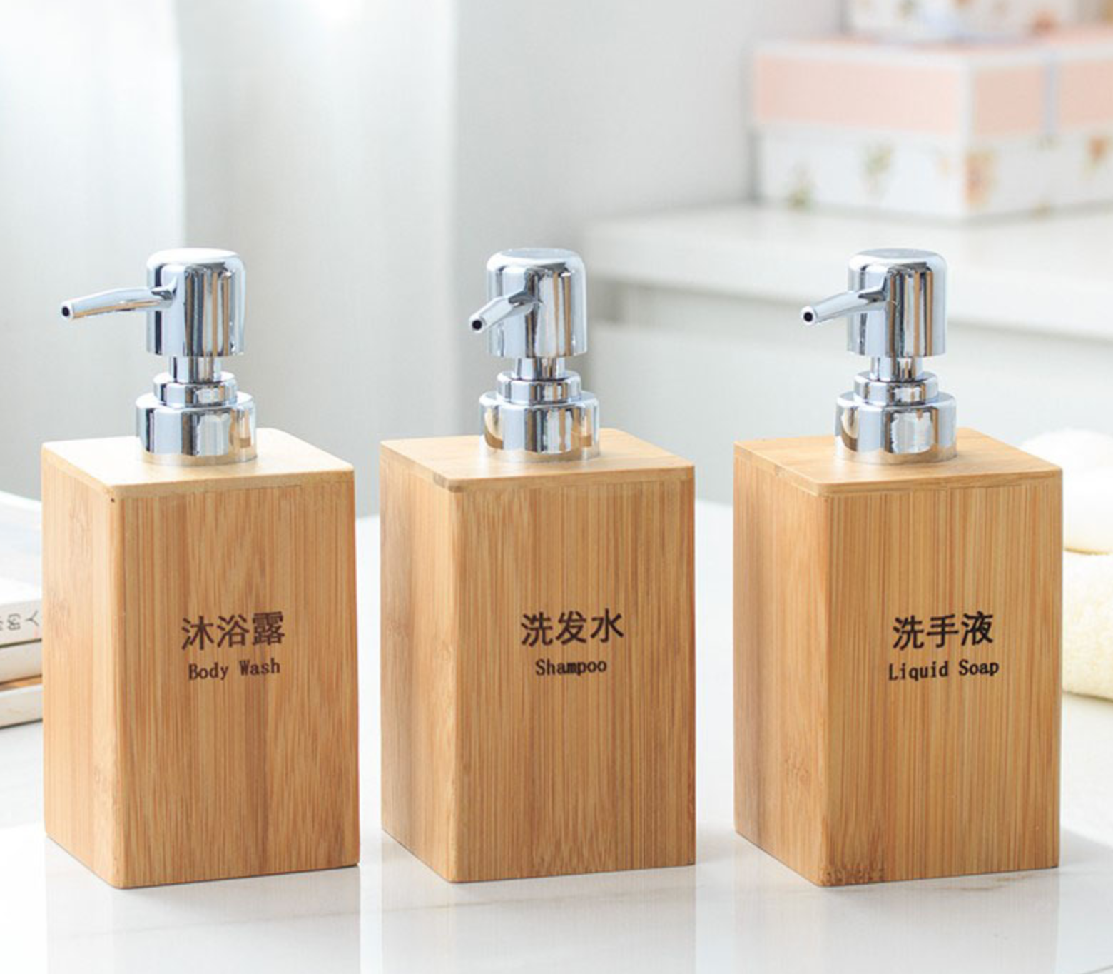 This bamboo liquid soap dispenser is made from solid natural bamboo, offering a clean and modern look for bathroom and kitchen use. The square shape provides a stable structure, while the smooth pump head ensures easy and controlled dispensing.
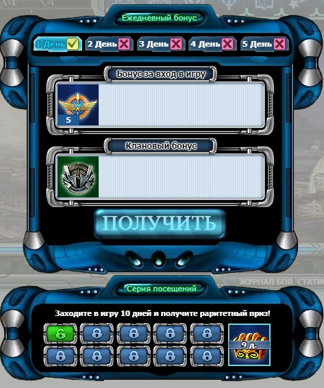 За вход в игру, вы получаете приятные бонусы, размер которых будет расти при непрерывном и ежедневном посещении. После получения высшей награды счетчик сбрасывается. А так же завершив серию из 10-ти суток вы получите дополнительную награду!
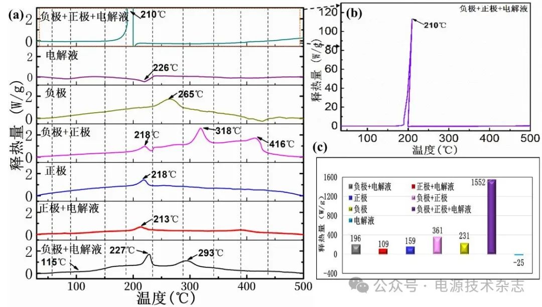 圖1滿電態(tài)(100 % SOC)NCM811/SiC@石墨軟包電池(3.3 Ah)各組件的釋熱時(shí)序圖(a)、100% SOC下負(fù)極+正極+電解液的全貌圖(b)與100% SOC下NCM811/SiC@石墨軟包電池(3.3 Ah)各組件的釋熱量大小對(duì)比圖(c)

Task details
Write out every line above again exactly, with the pictures left out.

Response
 This bamboo liquid soap dispenser is made from solid natural bamboo, offering a clean and modern look for bathroom and kitchen use. The square shape provides a stable structure, while the smooth pump head ensures easy and controlled dispensing.
 За вход в игру, вы получаете приятные бонусы, размер которых будет расти при непрерывном и ежедневном посещении. После получения высшей награды счетчик сбрасывается. А так же завершив серию из 10-ти суток вы получите дополнительную награду!
 圖1滿電態(tài)(100 % SOC)NCM811/SiC@石墨軟包電池(3.3 Ah)各組件的釋熱時(shí)序圖(a)、100% SOC下負(fù)極+正極+電解液的全貌圖(b)與100% SOC下NCM811/SiC@石墨軟包電池(3.3 Ah)各組件的釋熱量大小對(duì)比圖(c)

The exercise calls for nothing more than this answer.